→ DATA PROVIDED:
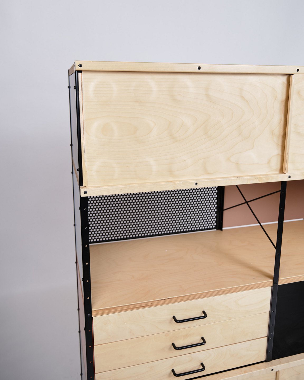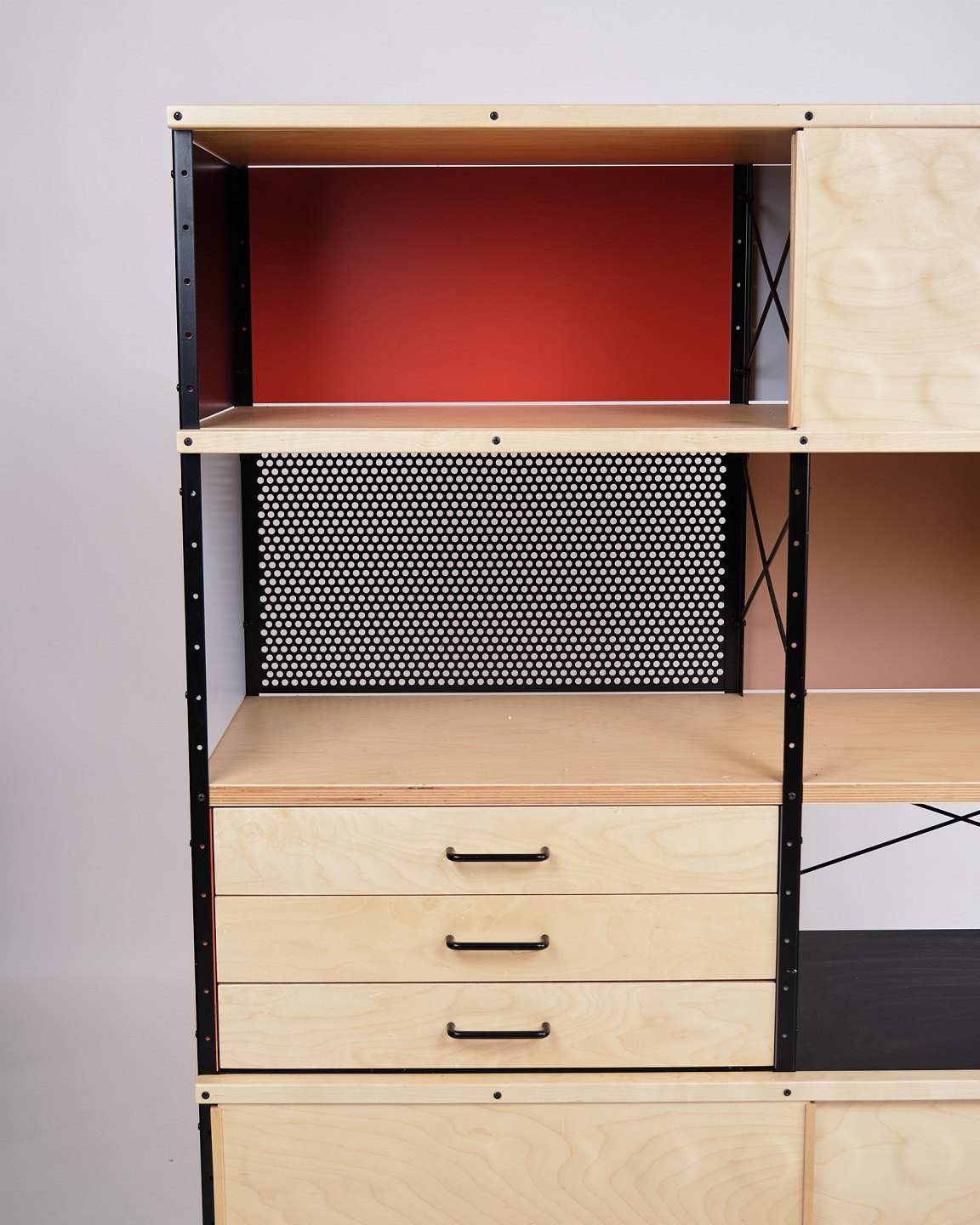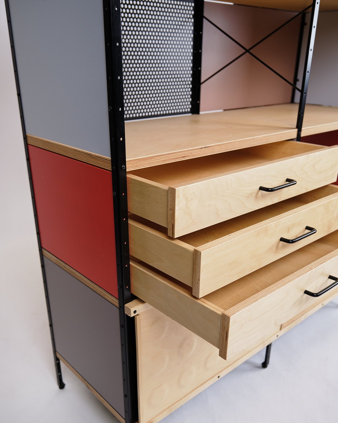 Beskrivelse: ESU bogreol designet af Charles og Ray Eames i 1949 og produceret af Vitra. Reolen er udført i ahorn og birketræ med et grafisk, modulært udtryk, som kombinerer funktionalitet og tidløs modernisme.
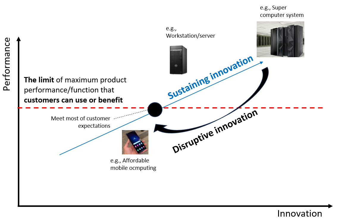In Figure 2, most improved products, obtained from sustaining innovation, exceed what most customers really need. For example, workstations or even mainframe computers are over-qualified for most computer users albeit these computers have a very high computing performance and memory capacity.
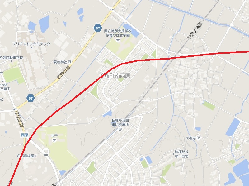 上記の2枚とも「恐らく線路があった場所から名張向いて」の角度で
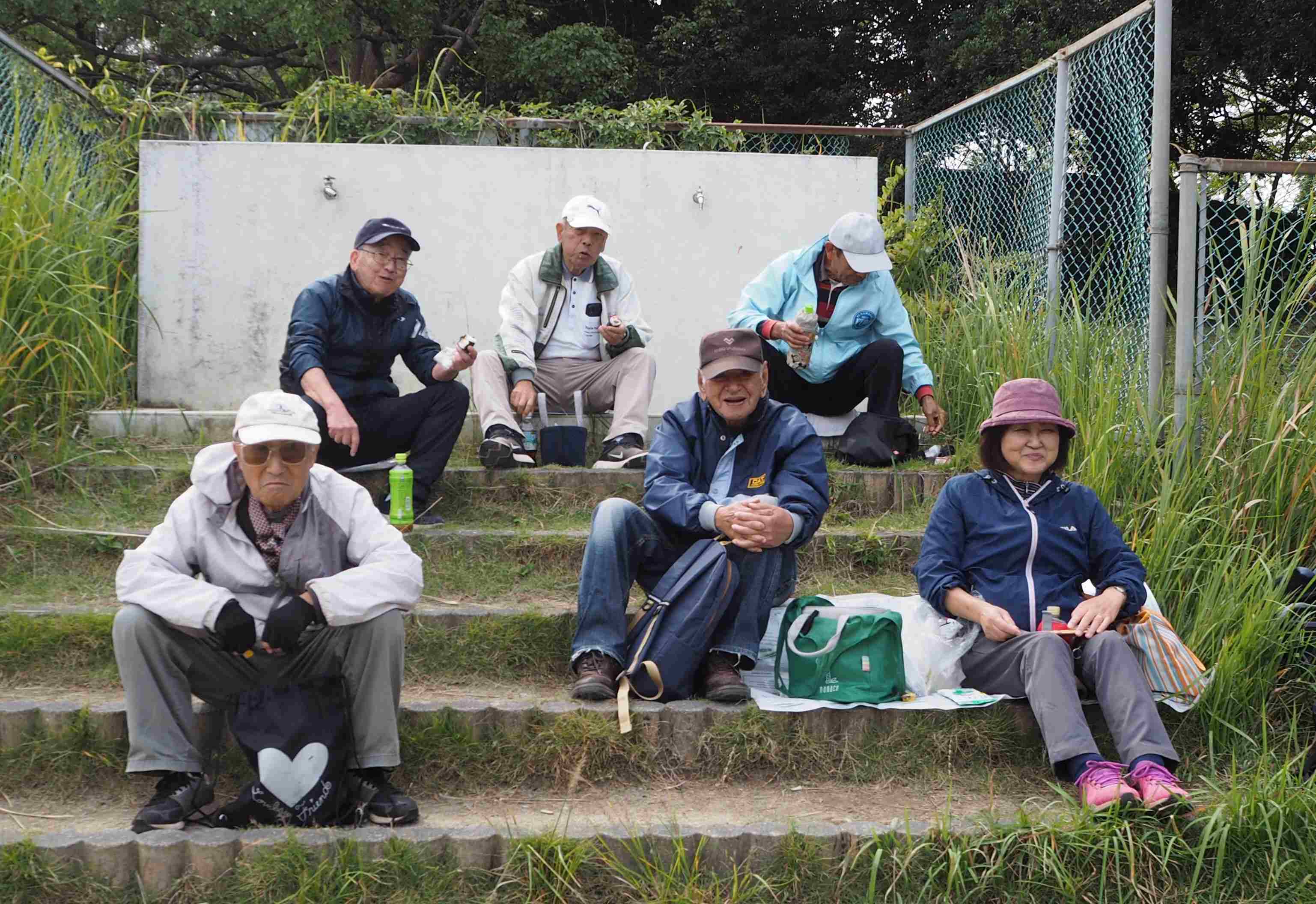 前列左より:小森正博(市大5陶芸)、塚本紘史(市大8教養1)、松原至考(市大9PC3)、俊 淳一(市大1園芸)、磯部吉晴(市大9健康1)
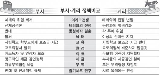 슬로건은 크게 다르지 않았다. 조지 W 부시 대통령은 ‘희망찬 21세기’를 내걸었고 존 케리 후보는 ‘보다 나은 미국인의 삶’으로 정했다. 그러나 9·11 이후 미국의 대내외 정책을 바라보는 시각은 크게 엇갈렸다.
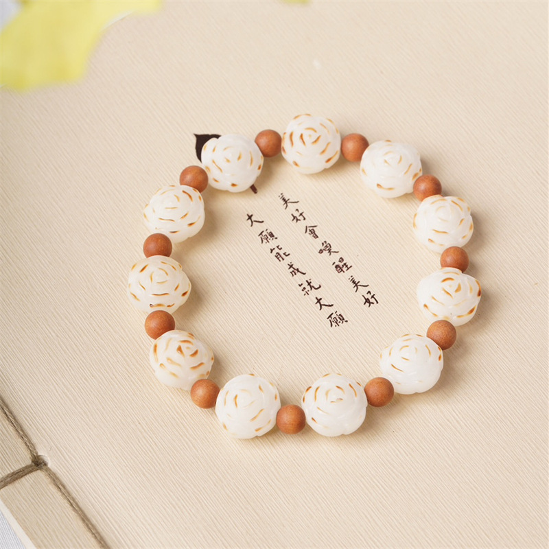 白玉菩提山茶花彫刻珠手串規格1.4男女文游単輪数珠アクセサリーメーカー卸売り

→ YOUR INSTRUCTIONS: Copy the listing in full and without alteration, omitting every picture.

→ ANSWER AREA:
 Beskrivelse: ESU bogreol designet af Charles og Ray Eames i 1949 og produceret af Vitra. Reolen er udført i ahorn og birketræ med et grafisk, modulært udtryk, som kombinerer funktionalitet og tidløs modernisme.
In Figure 2, most improved products, obtained from sustaining innovation, exceed what most customers really need. For example, workstations or even mainframe computers are over-qualified for most computer users albeit these computers have a very high computing performance and memory capacity.
 上記の2枚とも「恐らく線路があった場所から名張向いて」の角度で
 前列左より:小森正博(市大5陶芸)、塚本紘史(市大8教養1)、松原至考(市大9PC3)、俊 淳一(市大1園芸)、磯部吉晴(市大9健康1)
 슬로건은 크게 다르지 않았다. 조지 W 부시 대통령은 ‘희망찬 21세기’를 내걸었고 존 케리 후보는 ‘보다 나은 미국인의 삶’으로 정했다. 그러나 9·11 이후 미국의 대내외 정책을 바라보는 시각은 크게 엇갈렸다.
 白玉菩提山茶花彫刻珠手串規格1.4男女文游単輪数珠アクセサリーメーカー卸売り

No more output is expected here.